There is a paucity of literature addressing clinical risks (i.e. non-invasive data,
comorbidities and demographics) that are associated with higher clinical events during
wait-time. Factoring in the severity of AS into our equation is important, as we know
that patients who meet these criteria are at higher risk. Asymptomatic patients with
indexed aortic valve area <0.4 cm2 have a higher risk of events prior to intervention,
and a peak jet velocity >5 m/s is an independent predictor of mortality [11, 12].
Another important echocardiographic finding is impaired ejection fraction (EF). Patients
managed conservatively with an impaired EF (EF < 60%) have been independently associated
with poorer long-term outcomes, whilst an earlier AVR strategy has improved outcomes
. In these patients with less cardiac reserve, it is imperative to negate the
effects of AS before an event.
Furthermore, the decision for type of intervention may also have significant impact.

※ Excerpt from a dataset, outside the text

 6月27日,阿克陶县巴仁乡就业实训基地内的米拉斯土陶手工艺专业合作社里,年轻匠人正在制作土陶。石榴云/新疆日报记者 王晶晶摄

Transcatheter AVR (TAVR) indications have been expanded to include patients who are
at low risk for surgical AVR complications. Strategies involving shared-decision-making
with patients have been applied, particularly to patients <70 years old, remembering
that the average age in the low-risk trials was 73 ± 6 years old. From these trials,
TAVR did result in a shorter index hospitalization compared to surgical AVR (3 vs
7 days) . Understanding the dynamic constraints on healthcare systems, minimalist
TAVR can potentially help to further reduce post-care utilization of resources and
allow early patient recover at home . Balloon aortic valvuloplasty as a bridge
to TAVR has also shown an improved safety profile in the contemporary era of TAVR
. Its role as a bridge for patients with anatomical challenges for TAVR, whether
non-transfemoral or requiring adjunctive techniques (such as coronary protection with
snorkel stenting or leaflet laceration, etc.) may be more important now than ever.

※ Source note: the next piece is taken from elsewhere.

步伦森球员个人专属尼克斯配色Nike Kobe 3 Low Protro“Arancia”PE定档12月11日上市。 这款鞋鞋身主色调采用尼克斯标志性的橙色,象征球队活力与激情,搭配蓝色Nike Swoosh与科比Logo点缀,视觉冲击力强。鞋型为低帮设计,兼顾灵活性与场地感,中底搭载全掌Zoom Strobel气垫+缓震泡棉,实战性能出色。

As the treatment for aortic intervention continues to improve both from surgical techniques
to transcatheter technology, we need more focus on the timing and application of our
interventions. For now, symptoms and echocardiographic criteria can drive how we deliver
therapy (Fig. 1), but we also need to factor in other clinical information. Many questions
remain; should baseline comorbidities such as chronic lung disease, renal impairment
and Society of Thoracic Surgery PROM score push us to act more quickly, whereas other
factors (i.e. immunocompromised patients) push us to delay? Do NYHA IIIb symptoms
herald worse outcomes during waiting than NYHA IIIa? Should patients with NYHA III
symptoms receive an ‘early elective’ strategy versus a patient with NYHA II symptoms?

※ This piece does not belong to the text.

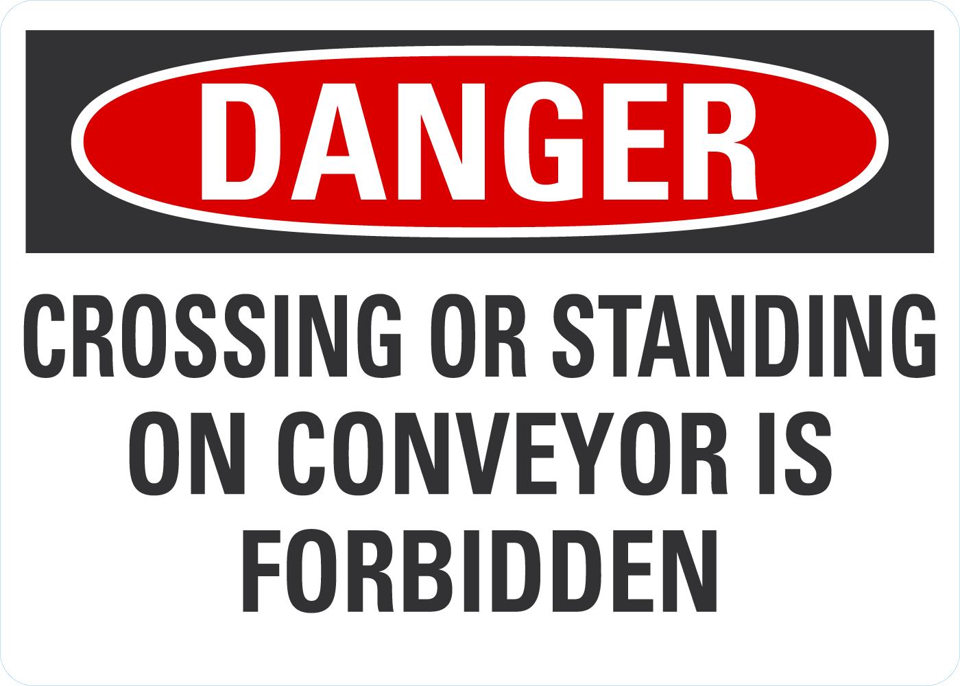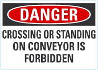 Danger OSHA Sign: Crossing Or Standing On Conveyor Is Forbidden

Do we need to factor in other non-invasive data such as degree of left ventricular
hypertrophy, and biomarkers (including elevated natriuretic peptide) which may portend
a higher rate of events during wait time?  Should discussions with the multi-disciplinary
team increase considerations for utilizing TAVR in the very low-risk AS patient and
balloon aortic valvuloplasty as a bridge to TAVR in efforts to decrease length of
stay, hospital resource utilization and patient/family exposure COVID-19? Further
investigation is clearly needed, and we must work on developing a risk stratification
system for suggested wait-times. Until then, we must balance the risk of delaying
therapy against the availability of hospital resources and potential exposure of COVID-19
on a case-by-case basis.
Algorithm for managing elective AVR over the long term in the era of COVID-19. *Aortic
valve area indexed <0.4, peak jet velocity >5 m/s. AVR: aortic valve replacement (transcatheter
or surgical); EF: ejection fraction; NYHA: New York Heart Association; SAVR: surgical
aortic valve replacement; TAVR: transcatheter aortic valve replacement.
Conflict of interest: Dr Chad A. Kliger is a consultant and receives speaking honoraria
from Edwards Lifescience and Medtronic. All other authors declare no conflict of interest.